Suppose we have a very large size object and if we will upload that particular object directly to s3, so in this case it will take a lot of time, and somehow in worst case scenario if our internet connection is down or internet connection is lost then it may result in upload failure and we have to upload that particular object again from beginning.

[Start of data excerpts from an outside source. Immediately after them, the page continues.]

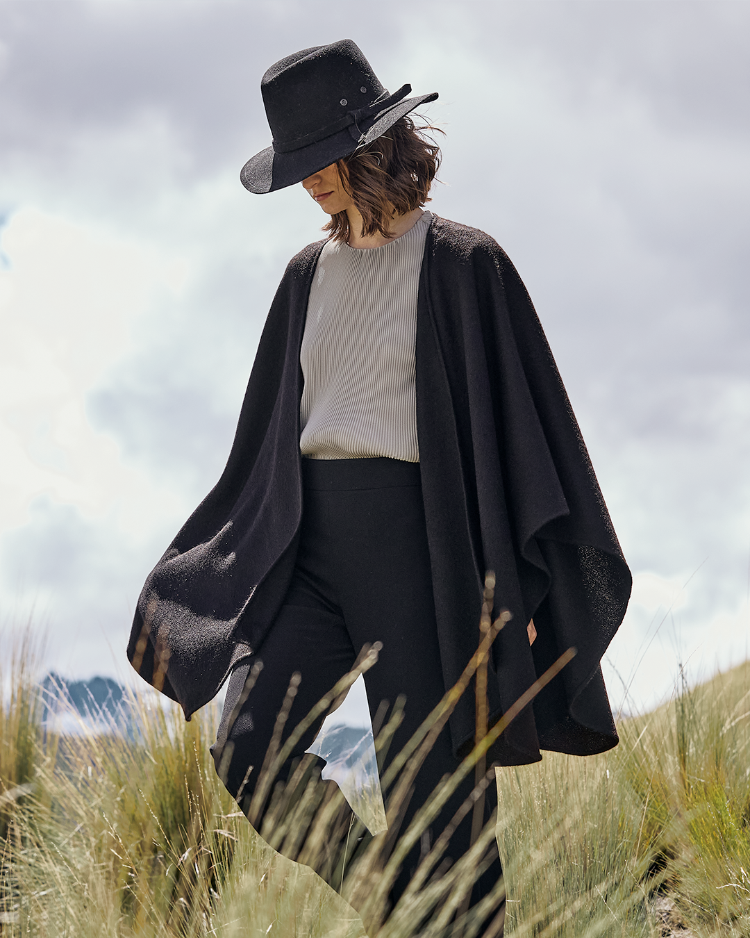 Discover nature in its purest form with KUNA’s Black Alpaka collection. Each garment is a masterpiece, woven from 100% natural black alpaca fiber, without going through dyeing processes, thus preserving the essence of the original color. This approach not only enhances the authenticity of our pieces, but also reduces the environmental impact, eliminating the need for additional chemical processes.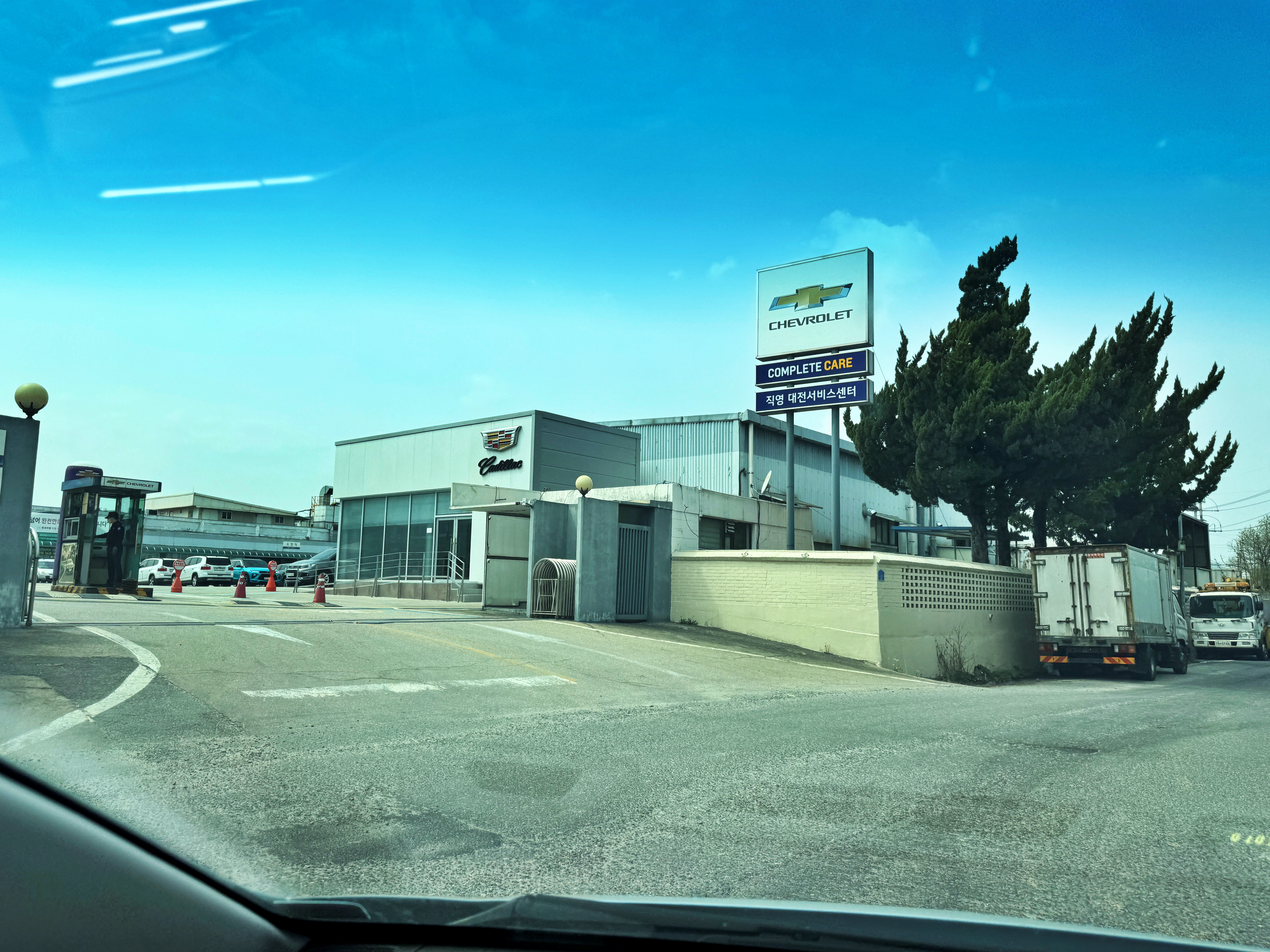 우리 쉐슬람들은 미제 고오급차니까 당연히 고급스러운 곳에 위치해야지 않겠냐 생각하지만, 오래된 공단 한복판에 자리 잡고 있습니다. 주변으로 화물차들이 주차되어 있고 동아연필 공장도 보이더군요. 미제 고오급차인 쉐보레와 미제 고오오오오오급차인 캐딜락 로고가 함께 붙어있습니다.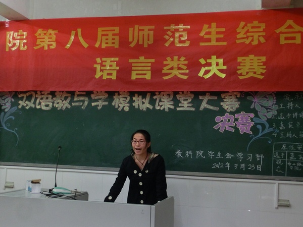 湛师新闻网3月28日讯 为进一步提高师范生综合技能,培养高素质教学人才,增强学生就业竞争力。3月23至25日晚,由教科院举办的第八届师范生综合技能大赛之语言类决赛在燕雷楼举行。语言类比赛分为双语教与学模拟课堂比赛、说课比赛、书评演讲比赛三个大赛。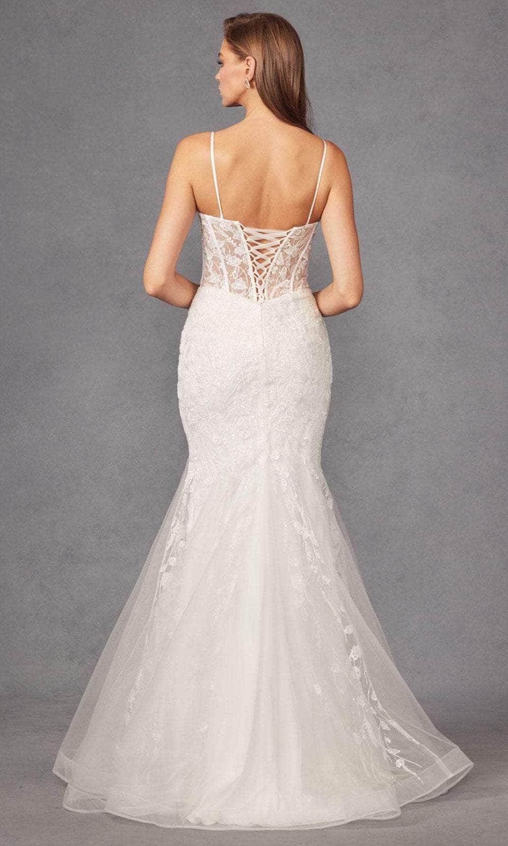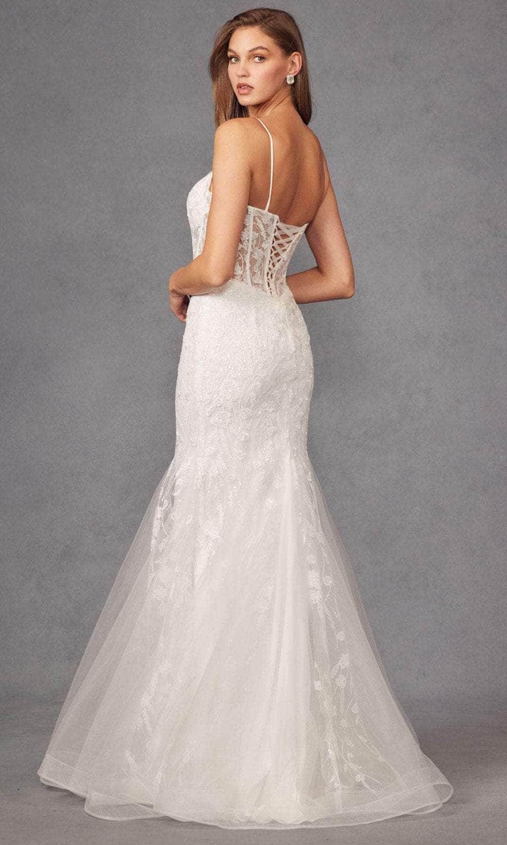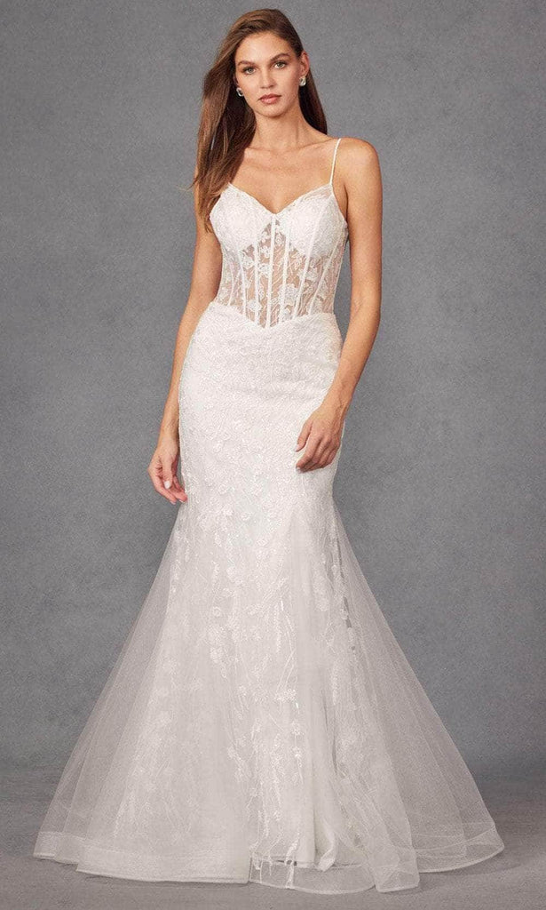 Captivate all eyes with this Juliet Dresses JT2441SW, a breathtaking mermaid bridal gown that exudes timeless elegance. The fitted sheer corset bodice is adorned with intricate lace appliques and delicate tulle, creating a mesmerizing effect. A sleeveless design and V-neckline enhance the allure of the gown, while a lace-up tie at the back ensures a perfect fit. The floor-length skirt cascades in a graceful mermaid silhouette, epitomizing the sophistication and romance of Juliet Dresses JT2441SW for your special day. Model is wearing Off-White color.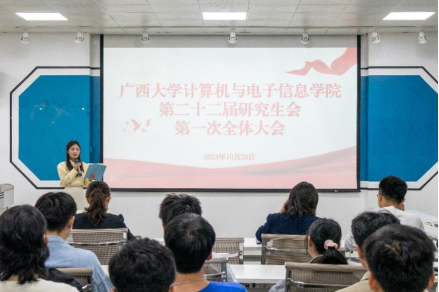 会议第三项,主席团成员出君儒同学对学院研究生会主席团分管部门情况进行简单介绍,并就近期即将开展的“学生干部训练营”等工作做出详细安排。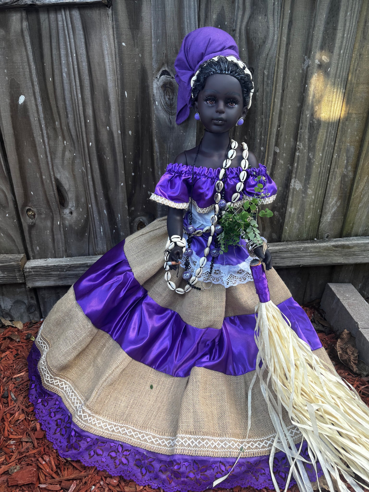 Entre sus manos sostiene sus complementos de trabajo, incluyendo su tabaquito, símbolo de sus prácticas curanderas. Cada detalle fue pensado para reflejar quién fue: una mujer milagrosa, llena de fe, que sanó y alivió a muchos en su tiempo.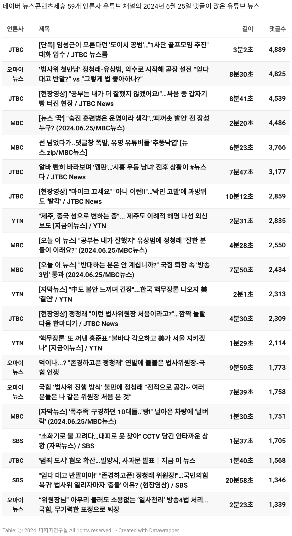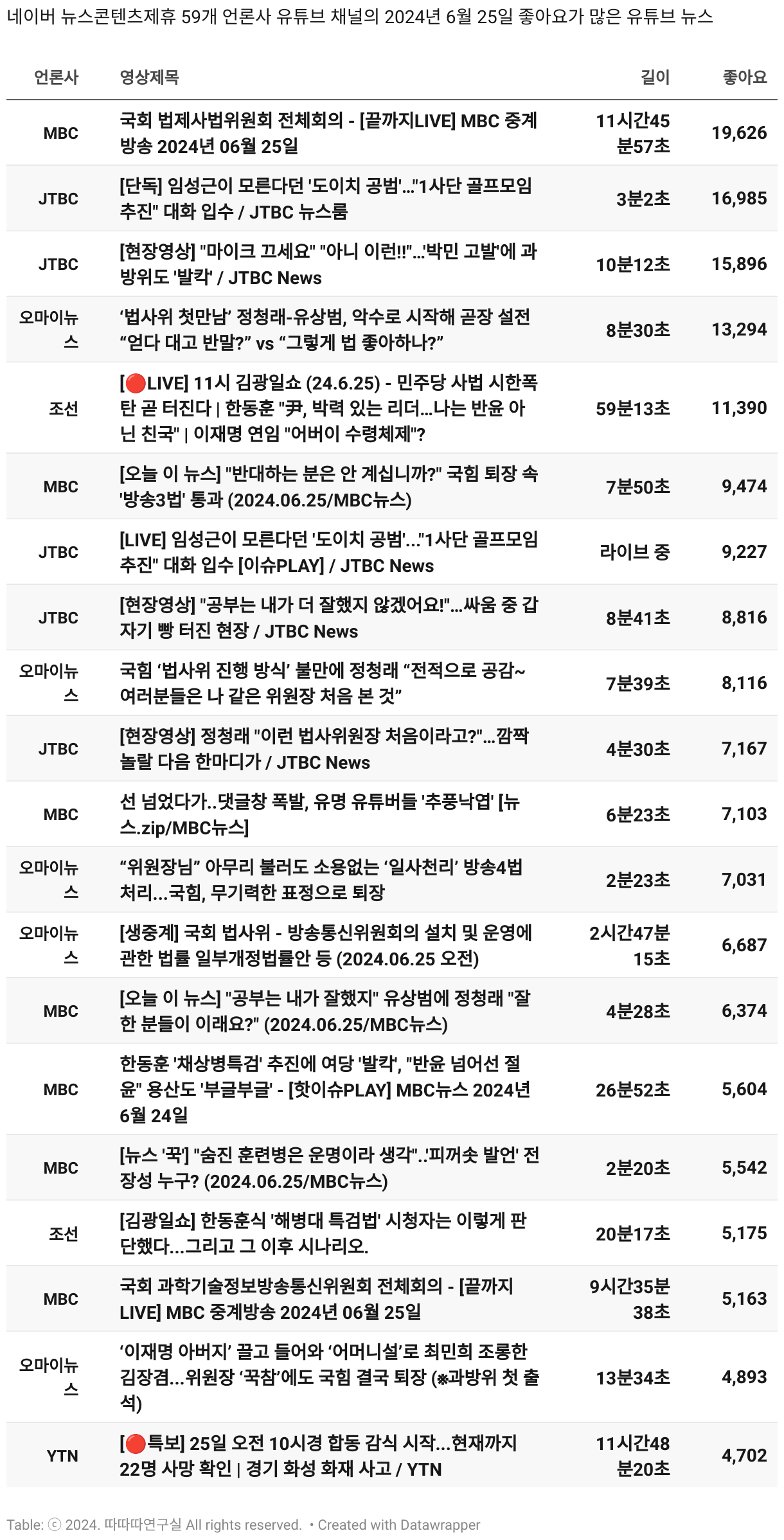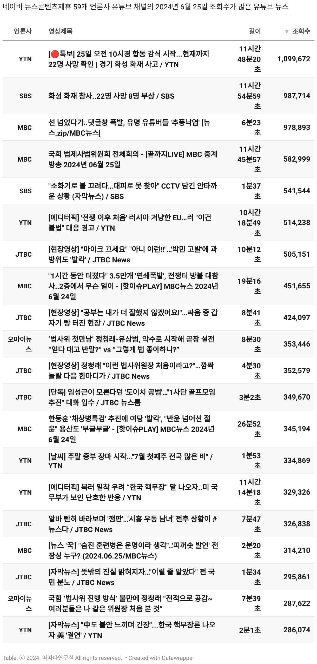 *데이터 수집 기간 : 2024년 6월 10일 *데이터 수집 대상 : 네이버 뉴스콘텐츠제휴 60개 언론사. 종합일간지 10개(경향신문, 국민일보, 동아일보, 문화일보, 서울신문, 세계일보, 조선일보, 중앙일보, 한겨레신문, 한국일보), 방송/통신사 14개(뉴스1, 뉴시스, 연합뉴스, 연합뉴스TV, 채널A, 한국경제TV, JTBC, KBS, MBC, MBN, SBS, SBS BIZ, TV조선, YTN), 경제지 11개(매일경제, 머니투데이, 비즈워치, 서울경제, 아시아경제, 이데일리, 조선비즈, 조세일보, 파이낸셜뉴스, 한국경제(유튜브제외), 헤럴드경제) 인터넷 8개(노컷뉴스, 더팩트, 데일리안, 머니S, 미디어오늘, 아이뉴스24, 오마이뉴스, 프레시안), IT 5개(디지털데일리,디지털타임스, 블로터, 전자신문, 지디넷코리아), 지역 12개(강원도민일보, 강원일보, 경기일보, 국제신문, 대구MBC, 대전일보, 매일신문, 부산일보, 전주MBC, CJB청주방송, JIBS, kbc광주방송)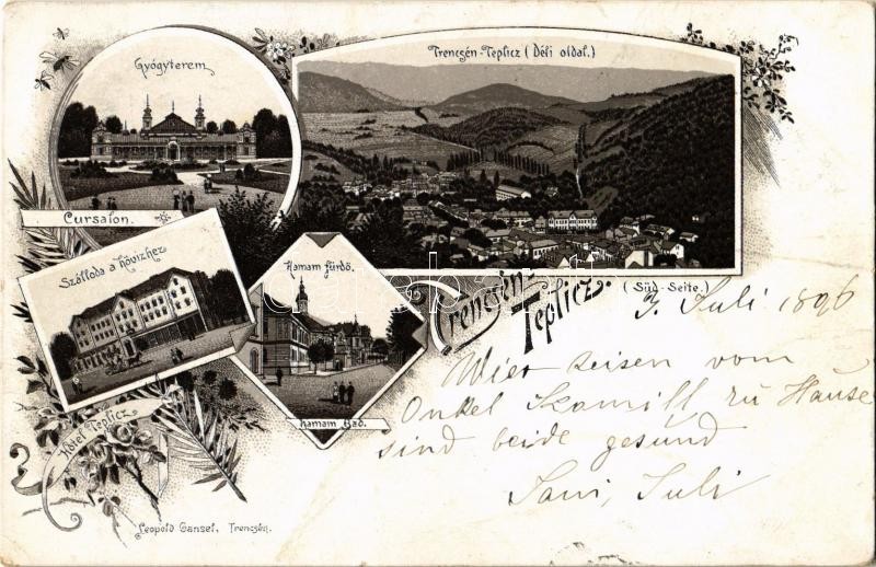 1896 (Vorläufer!!!) Trencsénteplic, Trencianske Teplice; Cursalon, Hotel Teplicz, Hamam Bad, Süd-Seite / Gyógyterem, Szálloda a Hővízhez, Hamam fürdő, déli oldal. Leopold Gansel kiadása / spa, bathing house, hotel. Art Nouveau, floral, litho (EK)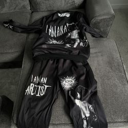 Black Graphic Tracksuit – “I AM AN ARTIST” & “BORN GREATNESS” – Size Large $25Wild Rice, ND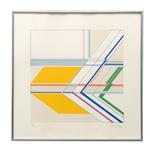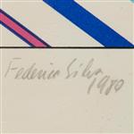 Subasta 1245T, Lote # 260 FEDERICO SILVA (Ciudad de México, 1923 - ) Sin título Firmada y fechada 1980 Serigrafía 29 / 100 Enmarcada. Con dedicatoria. Federico Silva, conocido principalmente por su importante trayectoria como escultor demuestra en esta pieza que a partir de 1960 inicia su experimentación, en el arte cinético y la serigrafía con objetos 'solares' , prismas, lentes de fresnel, espejos, imanes, rayos láser y diferentes cuerpos suspendidos en el espacio. Se puede apreciar en sus serigrafías la visión arquitectónica y de diferentes puntos de vista sobre un solo plano bidimensional, gracias a sus experimentaciones previas. Los tirajes realizados durante la época de 1980 a 1983 fueron realizados mientras era miembro del Laboratorio de Experimentación de Arte Urbano. Fuente consultada: sitio oficial de la Academia de Artes en México www.academiadeartes.org.mx 52 x 52 cm Estimado $6,000-8,000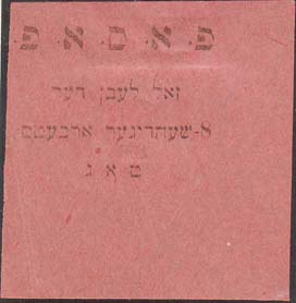 1917 г. Разм. 45 х 45 мм. Одноцветная печать на розово-красной бумаге. Сверху аббревиатура на идиш. В центре текст в три строки на идиш.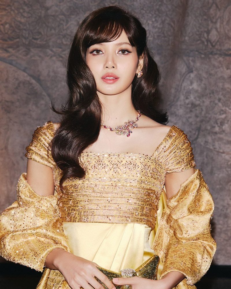 This piecey hairdo with silky, cascading waves makes for Lisa’s girl-next-door turn at the Amazing Thailand event. When paired to her feathery brows and the softer, diffused pigments around her eyes—but note the strong liner and mascara delivery still—we can’t help but see her shift into her role as the nation’s princess.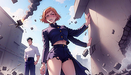 , melkor mancin artstyle, woman mahito from the anime jujutsu kaisen, torn clothes, destruction of the shibuya subway, holding on to a broken wall, guy, and, yuji itadori after the shibuya incident from jujutsu kaisen, fucks hard, mahito resists, the light of the lamps flickers and shorts out, uji itadori wears clothes from jujutsu kaisen, smoke comes from the ground from the battle, woman, man | NSFW с искусственным интеллектом.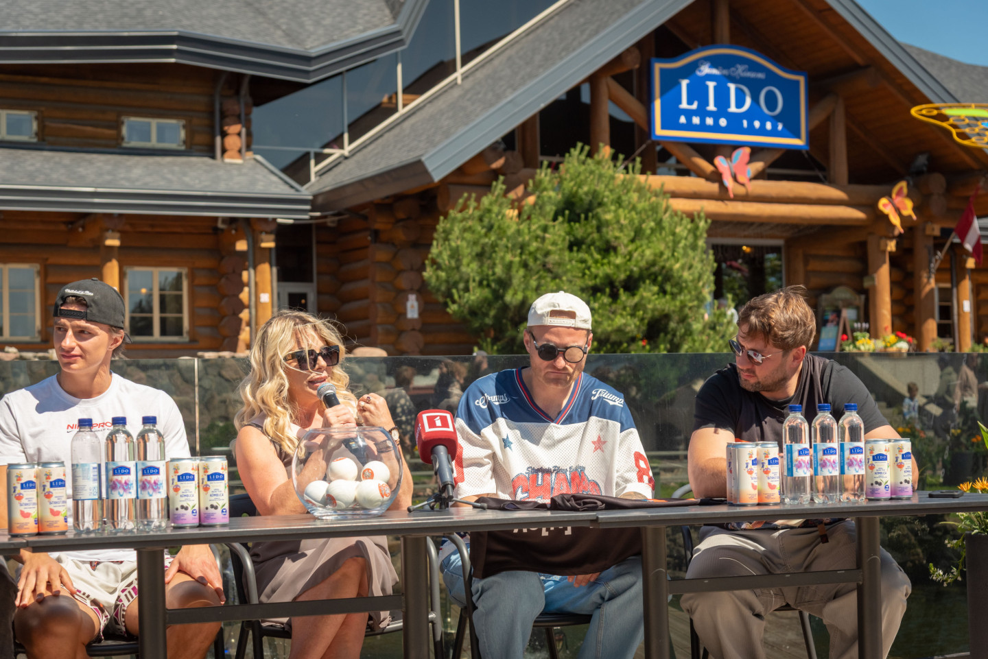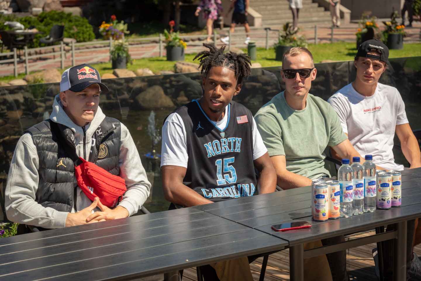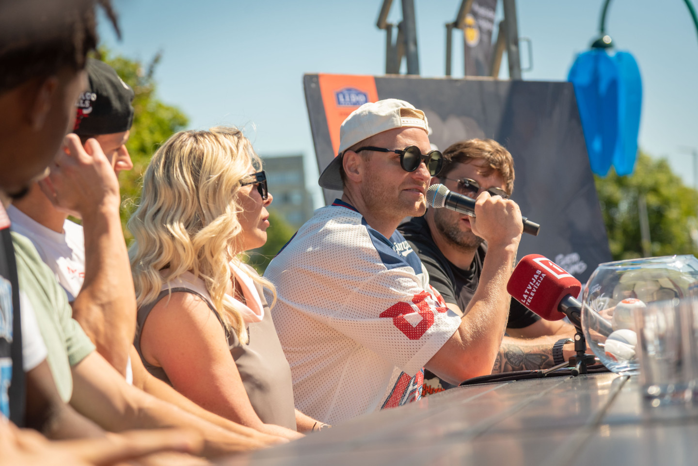 Atpūtas centrā "Lido" notiek mediju pasākums par pasaulē vērienīgāko "Slam Dunk" jeb bumbas triekšanas grozā no augšas šovu "Kings of Air", kurā piedalās "Kings of Air" vadītāji un veidotāji - Renārs Zeltiņš un Raimonds Elbakjans, AS "LIDO" valdes priekšsēdētāja Rita Auziņa, atlēti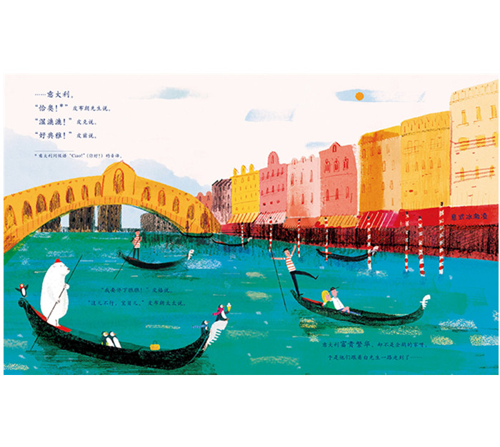 本书是本儿童图画故事。讲了企鹅一家野餐迷了路,转弯转错了到了北极,碰到了北极熊白先生,白先生给了企鹅一家一颗冒险的心,从北走到南,先到了现代化的美国,又到了用皇家气质的英国,到了广大而神秘的印度,去了有华丽大剧院的悉尼。在充满冒险又温馨气息的画面中,北极熊先生和企鹅一家带着小读者们走过了很多城市,最后终于回到自己家中,发现,不论去到那里,自己的家才是最美好的地方。绘本很有故事性,还能够教会孩子们很多国家的特色和新词汇。

So to overcome this situation AWS introduced the concept of multipart uploads, in which the object is divided into multiple parts and one by one that particular part is uploaded and in case of internet failure we have to only upload that particular failed part that fails due to internet issue. Once all the parts are uploaded on S3 they will be combined together as a single object.
Create multipart uploads
For creating multipart upload we must have a user configured in our awscli, in the below example we will be uploading a .mp4 file through multiparts
First let’s split our video in multiple parts, for splitting it execute the below command:-
split -b 18M <object-name> part-
Here 18M means 18mb
Now if we will do ls it will show us the splited parts
Now execute the below command for initializing the process for multi-part
aws s3api create-multipart-upload --bucket <bucket-name> --key <object-name>
This command will give a upload id which is very important, so save this upload id somewhere in text document, as it will be used further
Now we have to start uploading the file that we have splitted in our previous step, execute the below command for uploading first part
aws s3api upload-part --bucket <bucket-name> --key <object-name> --part-number 1 --body <part-name> --upload-id <upload-id>
This command will give us an E-Tag, so save this somewhere in your text document, as it will also be used further.
Now similarly execute the above command again to upload the next part, just replace the part-number and part-name with the new one and save the E-Tag
After uploading the parts if we will have a look on our s3 bucket then it will be still empty because we have uploaded the objects in part and we have not combined them.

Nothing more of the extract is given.